- Born: Myra Nathalie Hiatt December 27, 1942 Worcester, Massachusetts, U.S.
- Died: July 20, 2011 (aged 68) Brookline, Massachusetts, U.S.
- Education: Brandeis University (BA)
- Spouse: Robert Kraft ​(m. 1963)​
- Children: 4 (Daniel, David, Jonathan, Josh)
- Parent(s): Jacob Hiatt Frances Hiatt

= Myra Kraft =

American philanthropist (1942–2011)

Myra Hiatt Kraft (née Myra Nathalie Hiatt; December 27, 1942 – July 20, 2011) was an American philanthropist and the wife of New England Patriots and New England Revolution owner Robert Kraft.

==Early life and education==
Kraft was born in Worcester, Massachusetts in 1942, the daughter of Frances (Lavine) and Jacob Hiatt. Her father was a Lithuanian Jewish immigrant who had served as a circuit judge of the Court of Lithuania before immigrating in 1935. His parents and three other members of his family were murdered during the Holocaust. He went on to become a well-known philanthropist and leader in the Jewish community. Jacob served as president of the E.F. Dodge Paper Box Corp. in Leominster, Massachusetts and remained president when it merged with 12 other box and printing companies to become the Rand-Whitney Corp. Rand-Whitney was bought by his son-in-law, Robert Kraft, in 1972.

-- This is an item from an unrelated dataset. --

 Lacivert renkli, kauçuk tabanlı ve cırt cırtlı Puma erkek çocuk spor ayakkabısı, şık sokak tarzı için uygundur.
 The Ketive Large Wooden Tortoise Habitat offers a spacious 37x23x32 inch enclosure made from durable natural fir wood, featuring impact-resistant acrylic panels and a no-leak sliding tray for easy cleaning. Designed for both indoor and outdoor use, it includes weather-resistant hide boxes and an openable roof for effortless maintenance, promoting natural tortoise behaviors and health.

In 1960, Kraft graduated from the private Bancroft School in Worcester, and in 1964 she graduated from Brandeis University with a degree in History.

==Philanthropy==
Kraft was listed by Boston Magazine as one of the 20 Most Powerful Women in Boston, She was president and director of the New England Patriots Charitable Foundation and trustee of the Robert K. and Myra H. Kraft Foundation. She served on the boards of directors of the American Repertory Theatre, the United Way of Massachusetts Bay, Northeastern University, the Boys and Girls Clubs of Boston, the Jewish Book Council, and Brandeis University.

2006 - Honorary Fellow of the Ruppin Academic Center

Kraft and her husband started the "Passport to Israel" Program with the Combined Jewish Philanthropies of Boston which provided financial assistance to Jewish parents to send their children to Israel while teenagers to help promote Jewish identity. To encourage greater understanding between Christians and Jews, Kraft, her husband, and her father endowed two professorships in comparative religion at the College of the Holy Cross and Brandeis University: the Kraft-Hiatt Chair in Judaic Studies at Holy Cross and the Kraft-Hiatt Chair in Christian Studies at Brandeis University.

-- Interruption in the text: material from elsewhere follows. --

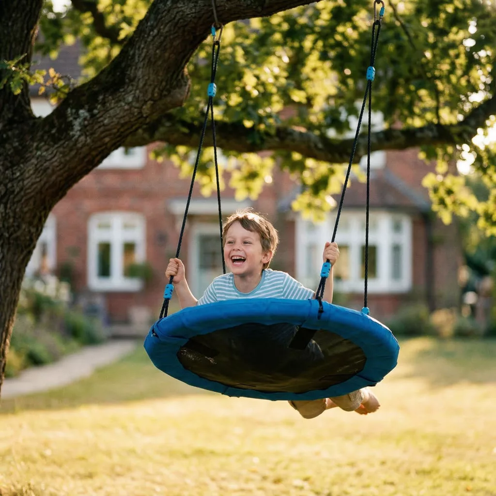 A 90 cm átmérőjű fészekhinta igazi kedvenc a gyerekek körében: kényelmes, stabil és többféleképpen használható. A kör alakú ülőfelület biztonságos és kellemes hintázást biztosít, legyen szó pihenésről, játékos ringatózásról vagy akár fekvő helyzetű lazításról. Ideális választás kertbe, udvarra vagy játszótérre. A masszív váz és az erős függesztőkötelek gondoskodnak a tartósságról, miközben a strapabíró ülőfelület hosszabb használat során is megőrzi formáját. A fészekhinta könnyen felszerelhető fára, hintakeretre vagy játszótéri állványra.

The International Herald Tribune credited Kraft with "modeling a new form of engaged giving that is transforming the relationship between philanthropist and philanthropy," and the Boston Globe stated she was "forging a whole new form of engaged giving."

The Krafts have donated more than $100 million to a wide range of charities mostly focusing on education, athletics, women’s issues, and Israel.

==New England Patriots==
Kraft was the president of the New England Patriots Charitable Foundation, the team's non-profit entity created by the Kraft family to support charitable and philanthropic agencies throughout the United States and Israel.

Shortly after the 1996 NFL draft, Kraft learned that the Patriots' fifth-round choice, Christian Peter of Nebraska, had a lengthy history of violence against women. At her insistence, coupled by backlash from women's groups and Patriots fans against Peter's signing, the Patriots relinquished Peter's rights only a week after the draft.

==Personal life==
Kraft married Robert Kraft in June 1963 while she was a student at Brandeis. They have four sons:
- Jonathan A. Kraft is president of The Kraft Group and the New England Patriots.
- Daniel A. Kraft is president of International Forest Products founded in 1972 by his father.
- Joshua Kraft is the chair of Kraft Family Charities and the former president and CEO of the Boys & Girls Clubs of Boston.
- David Kraft

==Death==
Kraft died from ovarian cancer on July 20, 2011, at age 68, in her Brookline, Massachusetts, home. Public services were held at Temple Emanuel in Newton, Massachusetts. In her memory, all Patriots players wore a patch on their uniforms bearing Kraft's initials (MHK) throughout the 2011 season.